Approximately 830 bp fragment of the small-subunit (ssu) ribosomal RNA gene of Cryptosporidium was amplified using nested PCR as described [24]. The amplification was done in 25 μl reaction volume containing 24 μl mixes and 1 μl DNA template. The PCR was performed using Applied Biosystems Thermal Cycler version 2.09. The reaction mixture was initially incubated at 94 °C for 5 min for denaturation and then a total 35 cycles of reaction were performed for final denaturation at 94 °C for 45 s, primer annealing at 55 °C for 45 s and strand extension at 72 °C for 1 min. The final extension was done at 72 °C for 10 min and cooled at 4 °C.

The nested PCR of G. duodenalis was conducted by amplification of the ssu rRNA, triose phosphate isomerase (tpi), β-giardin (bg), and glutamate dehydrogenase (gdh) genes. Previously described mixes and PCR conditions were used to amplify fragments of the ssu rRNA gene [25], the bg gene [26], the gdh gene [27] and the tpi gene [28], with some modifications. The primers used, their amplicon size, annealing temperature, and the main uses of the targeted genes are described [29].

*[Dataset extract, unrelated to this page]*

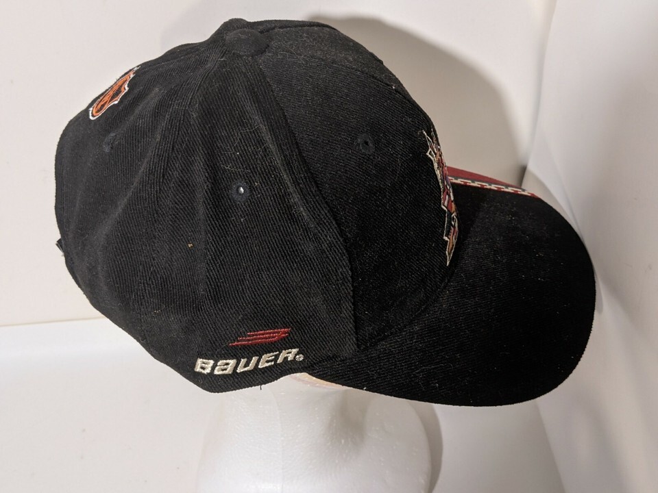 Up for sale is a new unworn 1990s NHL Phoenix Coyotes Bauer Center Ice Hook Loop Embroidered Hat Cap Black.

The secondary PCR was run under the same reaction and cycling conditions as the primary PCR, except the amplicon of the primary PCR was used as a template. The secondary amplified products were separated by electrophoresis on 1% agarose gel and visualized under a trans-illuminator after staining with ethidium bromide.

DNA sequence analysis

The PCR products purified using Montage PCR filters (Millipore, Bedford, MA) were sequenced in both directions using forward and reverse primers with an ABI BigDye Terminator v. 3.1 cycle sequencing kit (Applied Biosystems, Foster City, CA) on an ABI 3100 automated sequencer. The sequence and chromatograms obtained from each strand were analyzed using ClustalX software. Consensus sequences were then compared with sequences in GenBank database using the Basic Local Alignment Search Tool (BLAST) (http://www.ncbi.nlm.nih.gov/blast/) to identify the species of Cryptosporidium and assemblages of G. duodenalis.

Statistical analysis

Data were entered into the compute by EpiData version 3.1 and analysed using STATA software. Chi square test was used to verify possible association between infections with the parasites and different factors. Values were considered to be statistically significant when the p value was less than 0.05.

Results

From the total of 389 lambs, 103, 158 and 128 were sampled from Holetta, Sendafa and Chancho areas, respectively. Of these, 201 were female and 188 were male lambs with female to male ratio of 1:0.9 (Table 1). The mean age of the lambs were 2.1 (ranged: 0.1 to 5 months). The study lambs were apparently healthy and no symptom of disease was observed during sample collection.

Table 1.

Prevalence of Cryptosporidium species and G. duodenalis in lambs by study site, sex and age group in Oromia Special Zone, central Ethiopia (January–June, 2014)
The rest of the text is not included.